++++ DATA RECORDS ++++

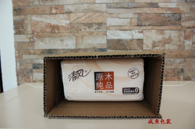 8号的纸箱可以竖着放两包抽纸,也有空间结余(如下)
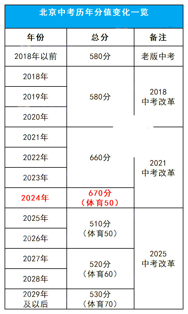 根据安排:2024北京中考体育分值由原先的40分增长为50分,中考总分由660分上涨至670分,为北京中考历年来最高分值↓↓
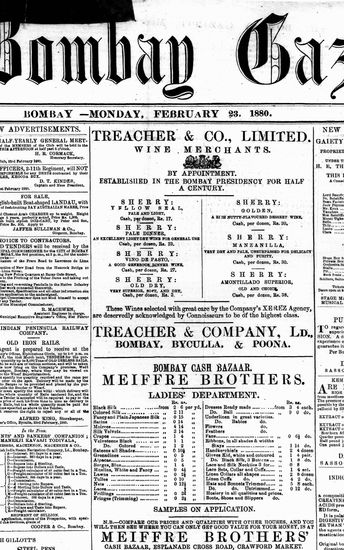 The Bombay Gazette, 23 February 1880
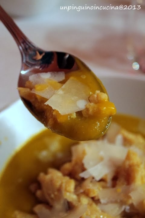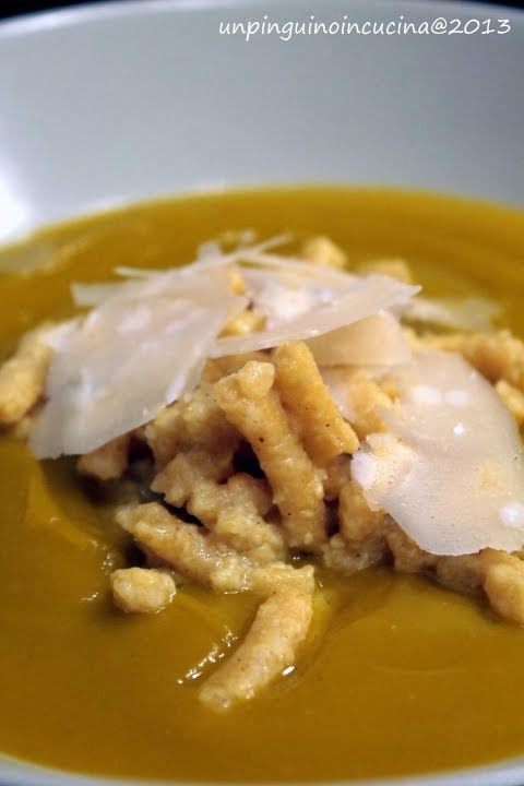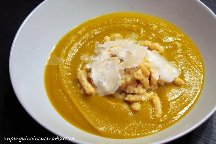- Nel frattempo, tagliare la zucca e la patata a tocchetti, farli tostare in una casseruola con un filo d'olio extravergine d'oliva e ricoprire con brodo vegetale fino ad arrivare a filo alla verdura. Coprire e lasciare sobbollire per 20 minuti. Frullare con un mixer a immersione, aggiustare di sale e di pepe e tenere in caldo.
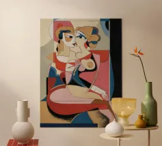 Quest'opera d'arte presenta una composizione contemplativa e introspettiva con un mix di forme geometriche e organiche. La tavolozza dei colori comprende blu, rosso e beige, creando un senso di equilibrio e armonia. La disposizione ponderata di forme e colori ne fa un'opera accattivante.

++++

- WORK TO COMPLETE
The lines to restate word for word run from the line that contains "The Bombay Gazette, 23 February 1880" through the end of the entries above, both ends included. Leave out all pictures and write nothing else.

- RESULT OF THE TASK
 The Bombay Gazette, 23 February 1880
- Nel frattempo, tagliare la zucca e la patata a tocchetti, farli tostare in una casseruola con un filo d'olio extravergine d'oliva e ricoprire con brodo vegetale fino ad arrivare a filo alla verdura. Coprire e lasciare sobbollire per 20 minuti. Frullare con un mixer a immersione, aggiustare di sale e di pepe e tenere in caldo.
 Quest'opera d'arte presenta una composizione contemplativa e introspettiva con un mix di forme geometriche e organiche. La tavolozza dei colori comprende blu, rosso e beige, creando un senso di equilibrio e armonia. La disposizione ponderata di forme e colori ne fa un'opera accattivante.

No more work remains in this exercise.